I don't know about you, but I'm a bit scared about what will happen to my body as I get older. I've read all about the importance of bone density and muscle mass, as well as how challenging it can be to lose weight after menopause. In case you're a bit nervous too, I'm sharing what kind of workout programs I do, as a personal trainer, to give me peace of mind that I'm covering all the bases as I age.
I've dealt with aches and pains from a young age due to a little hyper-mobility, so I've been thinking about these things for a long time.
Here's what my WELL RESEARCHED weekly routine looks like this month:
- I do two pretty intense full-body workouts that include resistance training, core exercises, and a bit of cardio.

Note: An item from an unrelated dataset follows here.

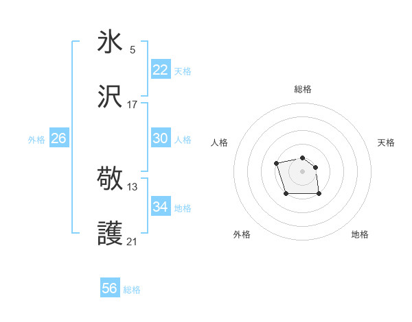氷沢 敬護さんの総格は56画の1点!

- I average 7000 steps a day.
AND THAT'S ALL.
Last month, my weekly routine looked like this:
- 1 run
- 1 core workout
- 1 upper body workout
- 1 yard work session
- An average of 7500 steps a day
(I can create a program for you inside 1:1 Personal Training or Buddy Personal Training).

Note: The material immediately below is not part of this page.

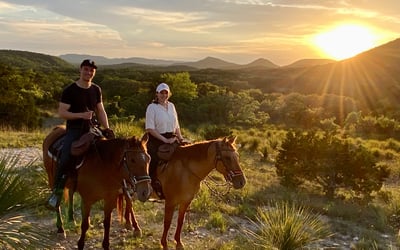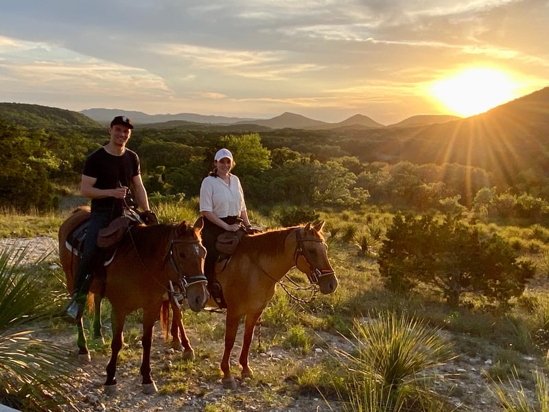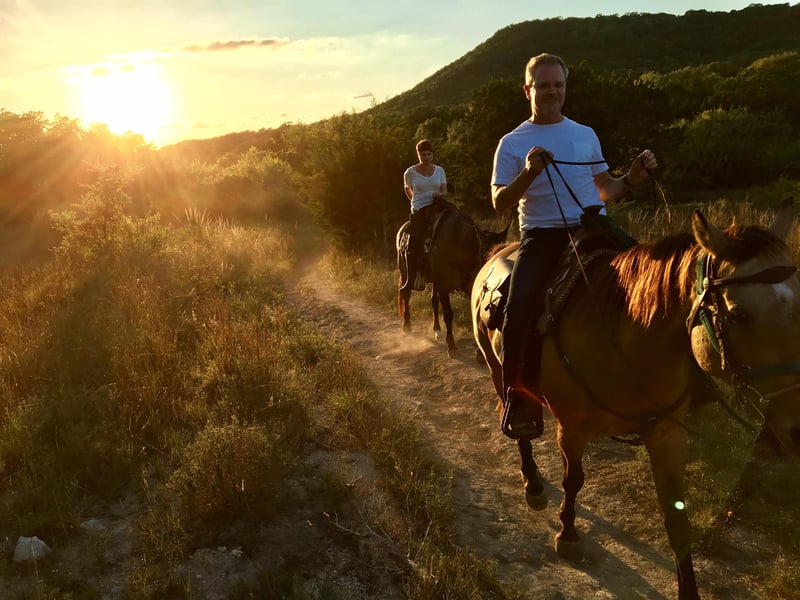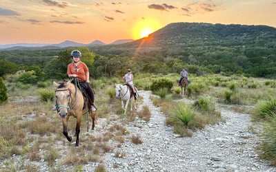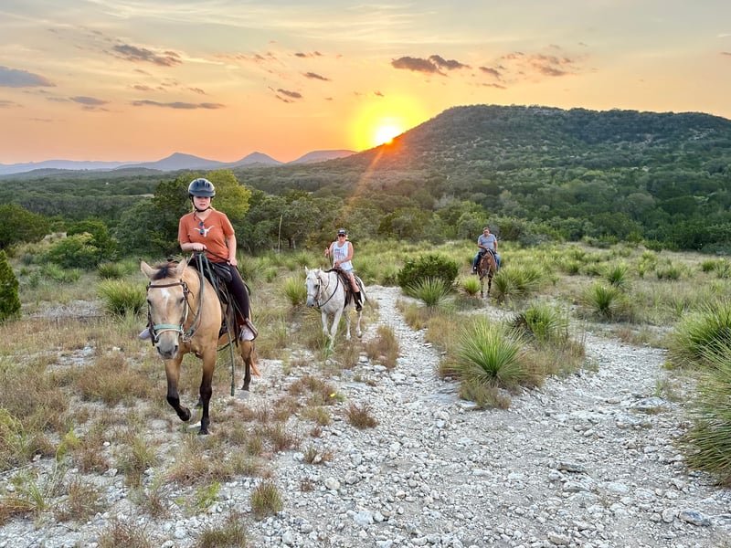 Experience a magical Hill Country sunset on guided trails, suitable for first-timers to intermediate riders

If you want to create a DIY exercise program that supports aging, here are the most important elements to include:
- Resistance training (along with increased protein intake) to build muscle mass
- 'Core proper' training* See below.
- Daily activity, such as steps, yard work, or light aerobic exercises
- Management of posture, misalignment, and aches and pains. By including mobility drills, stretches, and self-myofascial release (I usually incorporate these into my warm-ups and cool-downs).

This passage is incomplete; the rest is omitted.